▶ Instructions for the task
Once the pictures are set aside, copy the data below exactly as it stands.

▶ Input data

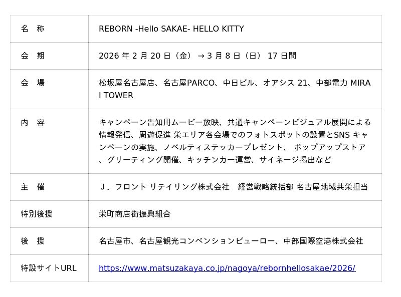 この度、J.フロント リテイリンググループ(松坂屋名古屋店、名古屋PARCO)は、中日ビル、オアシス21、中部電力MIRAI TOWERとともに、長年名古屋・栄の発展に貢献してきました栄町商店街振興組合の協力を仰ぎ、栄エリアプロモーションのさらなる強化を図ります。その一環として、施設の枠組みを超えて連携し、名古屋・栄エリアの施設を横断し、街の賑わいを創出する【REBORN -Hello SAKAE- HELLO KITTY】キャンペーンを2026年2月20日(金)から3月8日(日)までの17日間、開催します。
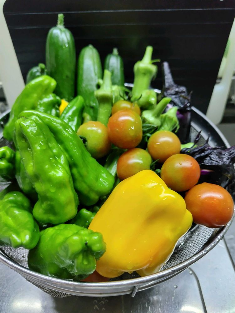 ①今朝の収穫です🥒🍆🫑🍅🫛
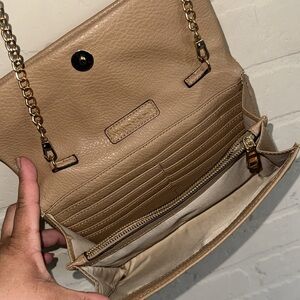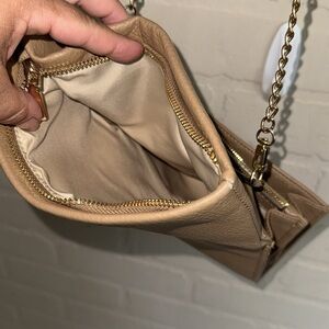 INC Elegant crossbody Tan faux Leather Bag Fold over adjustable straps
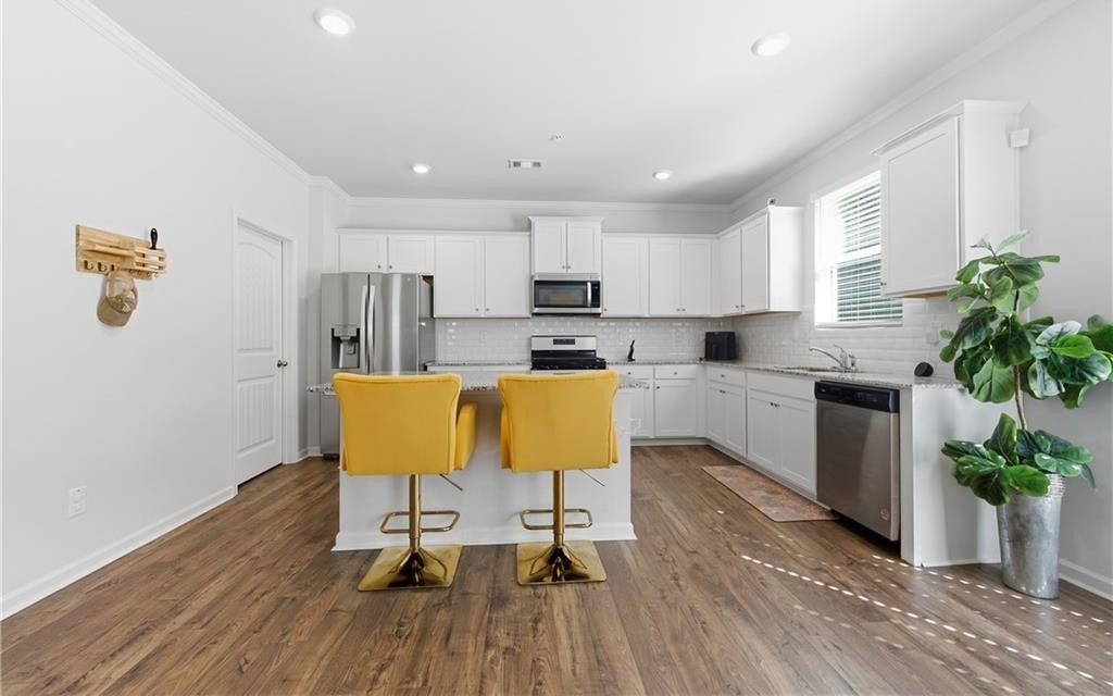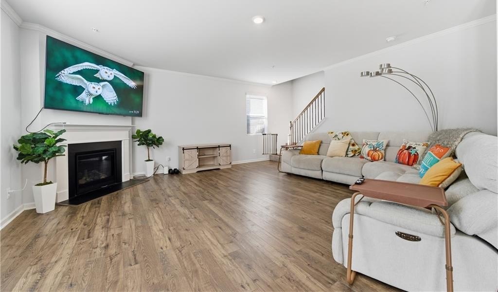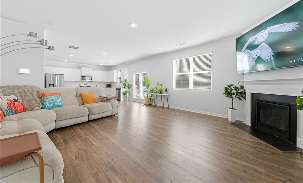 This barely lived-in two-story home sits on a level lot and offers an inviting open floor plan with LVP flooring throughout the main level. The living and dining room combo flows seamlessly into a bright family room with a cozy fireplace. The kitchen features white cabinetry, a walk-in pantry, and plenty of natural light, making it perfect for cooking and entertaining.
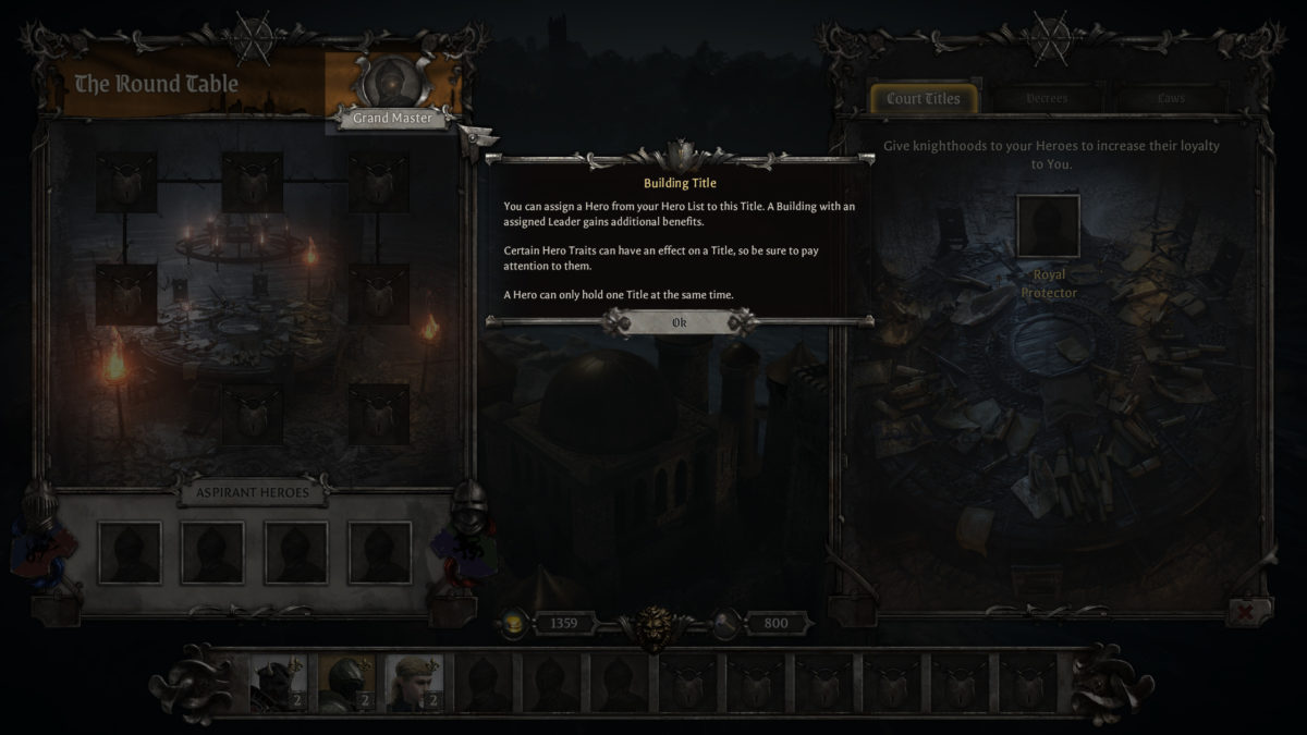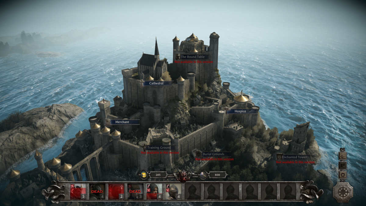 Vi sono poi la cripta, dove possiamo vedere i nostri nostri compagni caduti (e resuscitarli a patto di avere l’oggetto per farlo) e la torre dell’alchimista, dove infondere delle reliquie per forgiare oggetti di rara potenza. Alla Tavola Rotonda inoltre possiamo conferire dei titoli ai nostri cavalieri, oltre che emanare editti, tutte attività volte a farci ottenere bonus passivi più o meno permanenti.
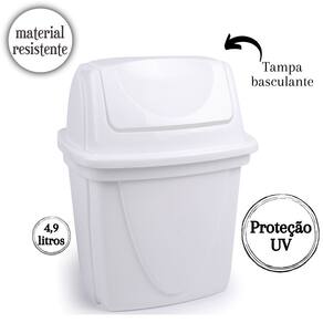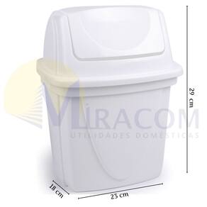 Conjunto com 10. A lixeira plástica com tampa basculante é a solução ideal para manter sua pia ou mesa sempre limpas e organizadas com praticidade e estilo. Com capacidade para 4,9 litros, esta lixeira é perfeita para uso em cozinhas, bancadas e escritórios, sendo ideal para o descarte de pequenos resíduos diários. Fabricada em plástico de alta qualidade, a lixeira é durável e resistente, garantindo um uso prolongado e eficiente. A tampa basculante tipo vai e vem oferece conveniência e higiene, permitindo que você descarte o lixo de maneira rápida e fácil, sem a necessidade de tocar diretamente na tampa. Este mecanismo mantém os odores controlados e impede a visualização do conteúdo interno, contribuindo para um ambiente mais limpo e agradável. Além disso, a lixeira conta com proteção contra raios UV, o que assegura que a cor e a qualidade do material permaneçam intactas mesmo quando exposta à luz solar. Essa característica torna a lixeira ideal tanto para ambientes internos quanto externos, garantindo sua durabilidade e estética ao longo do tempo. Com um design moderno e compacto, a lixeira se adapta perfeitamente a qualquer decoração, ocupando pouco espaço e oferecendo grande capacidade de armazenamento de resíduos. A lixeira de 4,9 litros é ideal para atender às necessidades diárias de descarte de lixo em cima da pia ou mesa, proporcionando uma solução prática e eficiente. A lixeira é fácil de limpar, permitindo que você mantenha a higiene e a aparência do produto com pouco esforço. Seu material resistente é projetado para suportar o uso diário, garantindo que a lixeira permaneça funcional e esteticamente agradável por muito tempo. Material: polipropilenoCapacidade: 4,9 litrosComprimento: 23 cm / Largura: 18 cm / Altura: 29 cm
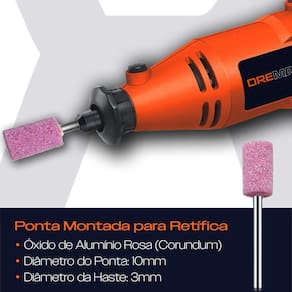 - Marca: Dremax - Referência: PM024 - Diâmetro da ponta: 10mm - Altura da ponta: 15mm - Comprimento total: 44mm - Diâmetro da haste: 3mm - Formato: Cilíndrica - Gramatura: Grão 120 - Material da ponta: Óxido de alumínio Rosa Corundum - Indicada para limpezas e acabamentos em superfícies - As pontas montadas rosa são indicadas para uso geral - Uso em micro retíficas de qualquer marca com mandril de 3mm - Indicada para afiação, esmerilhamento e desbaste em metais, joias, pedras preciosas, vidro, entre outros materiais - Seu formato facilita o trabalho em locais de difícil acesso - Garantia: 90 dias contra defeitos de fabricação
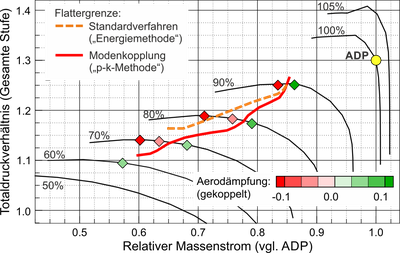 Aktuelle Triebwerksschaufeln werden nach dem oben beschriebenen Verfahren bewertet, welches Kopplungseffekte nicht berücksichtigt und dass sich seit Jahrzehnten bewährt hat. Der flatterfreie Betriebsbereich kann während der Entwurfsphase mit guter Sicherheit vorhergesagt werden. Das Massenverhältnis dieser Entwürfe liegt immer noch über einem Schwellenwert, bei dem Flattern durch Modenkopplung berücksichtigt werden muss.
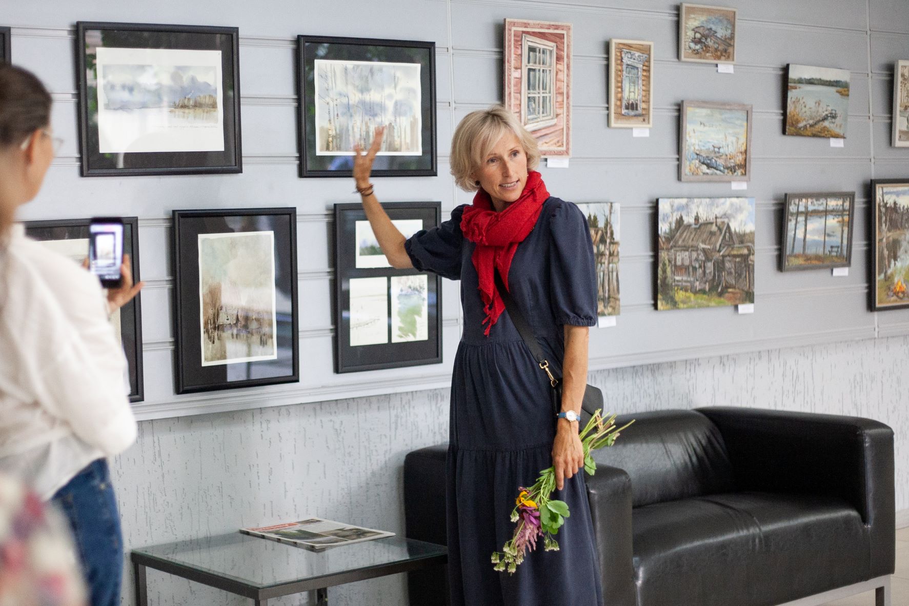 Наталья Гудченко - известный новосибирский акварелист, ученик Лиры Цукановой, педагог Студии "Перспектива" и участник выставки "Академический пленэр" провела авторскую экскурсию по выставке, которая расположилась в галерее Зимнего сада Дома ученых. Наталья впервые побывала на Академической даче им. И.Е.Репина и её восторг от погружения в это особенное историческое и культурное пространство отразился в её тонких, очень атмосферных акварелях. Только в экспозицию вошли более 30 акварелей, созданных за шесть дней пленэра. Это в основном пейзажи, передающие состояние природы. Начинали работать наши художницы (Наталья Яковлева, руководитель Студии "Перспектива" - соавтор выставки) в 5 утра, пользуясь преимуществами, предоставляемыми удачной сменой часового пояса. Работали быстро, ведь смена состояния происходит очень быстро. Работали много - творческая обстановка, конкуренция и азарт располагали.
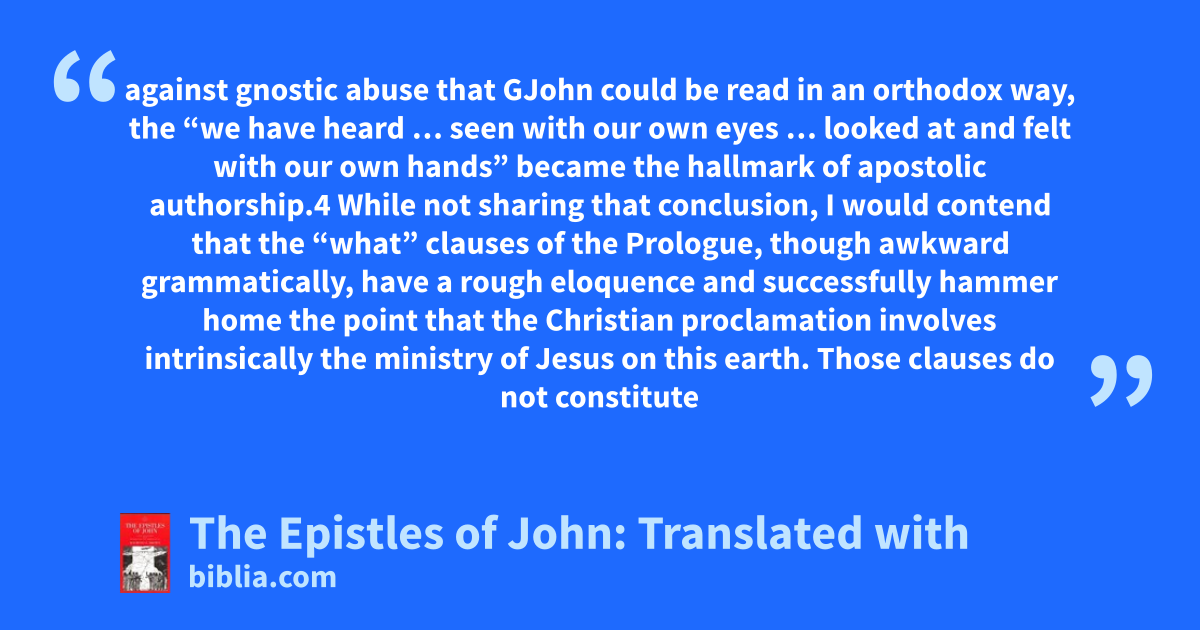 against gnostic abuse that GJohn could be read in an orthodox way, the “we have heard … seen with our own eyes … looked at and felt with our own hands” became the hallmark of apostolic authorship.4 While not sharing that conclusion, I would contend that the “what” clauses of the Prologue, though awkward grammatically, have a rough eloquence and successfully hammer home the point that the Christian proclamation involves intrinsically the ministry of Jesus on this earth. Those clauses do not constitute
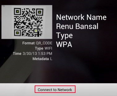 - That’s it, now you have a QR code of your Wi-Fi network with you. This QR code you need to give to your friends. After that, they only need to scan that QR code with a Barcode Scanner on their Android phone. This will let them scan that specific QR code and they will be able to connect to your Wi-Fi network without any worry of filling out details. See below screenshot:
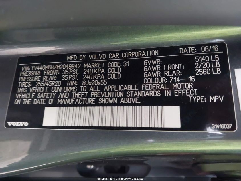 2017 VOLVO XC60 2017 року Бензин, 2.0, Передний привод, vin - YV440MDR7H2049842 из США

▶ Exercise solution
 この度、J.フロント リテイリンググループ(松坂屋名古屋店、名古屋PARCO)は、中日ビル、オアシス21、中部電力MIRAI TOWERとともに、長年名古屋・栄の発展に貢献してきました栄町商店街振興組合の協力を仰ぎ、栄エリアプロモーションのさらなる強化を図ります。その一環として、施設の枠組みを超えて連携し、名古屋・栄エリアの施設を横断し、街の賑わいを創出する【REBORN -Hello SAKAE- HELLO KITTY】キャンペーンを2026年2月20日(金)から3月8日(日)までの17日間、開催します。
 ①今朝の収穫です🥒🍆🫑🍅🫛
 INC Elegant crossbody Tan faux Leather Bag Fold over adjustable straps
 This barely lived-in two-story home sits on a level lot and offers an inviting open floor plan with LVP flooring throughout the main level. The living and dining room combo flows seamlessly into a bright family room with a cozy fireplace. The kitchen features white cabinetry, a walk-in pantry, and plenty of natural light, making it perfect for cooking and entertaining.
 Vi sono poi la cripta, dove possiamo vedere i nostri nostri compagni caduti (e resuscitarli a patto di avere l’oggetto per farlo) e la torre dell’alchimista, dove infondere delle reliquie per forgiare oggetti di rara potenza. Alla Tavola Rotonda inoltre possiamo conferire dei titoli ai nostri cavalieri, oltre che emanare editti, tutte attività volte a farci ottenere bonus passivi più o meno permanenti.
 Conjunto com 10. A lixeira plástica com tampa basculante é a solução ideal para manter sua pia ou mesa sempre limpas e organizadas com praticidade e estilo. Com capacidade para 4,9 litros, esta lixeira é perfeita para uso em cozinhas, bancadas e escritórios, sendo ideal para o descarte de pequenos resíduos diários. Fabricada em plástico de alta qualidade, a lixeira é durável e resistente, garantindo um uso prolongado e eficiente. A tampa basculante tipo vai e vem oferece conveniência e higiene, permitindo que você descarte o lixo de maneira rápida e fácil, sem a necessidade de tocar diretamente na tampa. Este mecanismo mantém os odores controlados e impede a visualização do conteúdo interno, contribuindo para um ambiente mais limpo e agradável. Além disso, a lixeira conta com proteção contra raios UV, o que assegura que a cor e a qualidade do material permaneçam intactas mesmo quando exposta à luz solar. Essa característica torna a lixeira ideal tanto para ambientes internos quanto externos, garantindo sua durabilidade e estética ao longo do tempo. Com um design moderno e compacto, a lixeira se adapta perfeitamente a qualquer decoração, ocupando pouco espaço e oferecendo grande capacidade de armazenamento de resíduos. A lixeira de 4,9 litros é ideal para atender às necessidades diárias de descarte de lixo em cima da pia ou mesa, proporcionando uma solução prática e eficiente. A lixeira é fácil de limpar, permitindo que você mantenha a higiene e a aparência do produto com pouco esforço. Seu material resistente é projetado para suportar o uso diário, garantindo que a lixeira permaneça funcional e esteticamente agradável por muito tempo. Material: polipropilenoCapacidade: 4,9 litrosComprimento: 23 cm / Largura: 18 cm / Altura: 29 cm
 - Marca: Dremax - Referência: PM024 - Diâmetro da ponta: 10mm - Altura da ponta: 15mm - Comprimento total: 44mm - Diâmetro da haste: 3mm - Formato: Cilíndrica - Gramatura: Grão 120 - Material da ponta: Óxido de alumínio Rosa Corundum - Indicada para limpezas e acabamentos em superfícies - As pontas montadas rosa são indicadas para uso geral - Uso em micro retíficas de qualquer marca com mandril de 3mm - Indicada para afiação, esmerilhamento e desbaste em metais, joias, pedras preciosas, vidro, entre outros materiais - Seu formato facilita o trabalho em locais de difícil acesso - Garantia: 90 dias contra defeitos de fabricação
 Aktuelle Triebwerksschaufeln werden nach dem oben beschriebenen Verfahren bewertet, welches Kopplungseffekte nicht berücksichtigt und dass sich seit Jahrzehnten bewährt hat. Der flatterfreie Betriebsbereich kann während der Entwurfsphase mit guter Sicherheit vorhergesagt werden. Das Massenverhältnis dieser Entwürfe liegt immer noch über einem Schwellenwert, bei dem Flattern durch Modenkopplung berücksichtigt werden muss.
 Наталья Гудченко - известный новосибирский акварелист, ученик Лиры Цукановой, педагог Студии "Перспектива" и участник выставки "Академический пленэр" провела авторскую экскурсию по выставке, которая расположилась в галерее Зимнего сада Дома ученых. Наталья впервые побывала на Академической даче им. И.Е.Репина и её восторг от погружения в это особенное историческое и культурное пространство отразился в её тонких, очень атмосферных акварелях. Только в экспозицию вошли более 30 акварелей, созданных за шесть дней пленэра. Это в основном пейзажи, передающие состояние природы. Начинали работать наши художницы (Наталья Яковлева, руководитель Студии "Перспектива" - соавтор выставки) в 5 утра, пользуясь преимуществами, предоставляемыми удачной сменой часового пояса. Работали быстро, ведь смена состояния происходит очень быстро. Работали много - творческая обстановка, конкуренция и азарт располагали.
 against gnostic abuse that GJohn could be read in an orthodox way, the “we have heard … seen with our own eyes … looked at and felt with our own hands” became the hallmark of apostolic authorship.4 While not sharing that conclusion, I would contend that the “what” clauses of the Prologue, though awkward grammatically, have a rough eloquence and successfully hammer home the point that the Christian proclamation involves intrinsically the ministry of Jesus on this earth. Those clauses do not constitute
 - That’s it, now you have a QR code of your Wi-Fi network with you. This QR code you need to give to your friends. After that, they only need to scan that QR code with a Barcode Scanner on their Android phone. This will let them scan that specific QR code and they will be able to connect to your Wi-Fi network without any worry of filling out details. See below screenshot:
 2017 VOLVO XC60 2017 року Бензин, 2.0, Передний привод, vin - YV440MDR7H2049842 из США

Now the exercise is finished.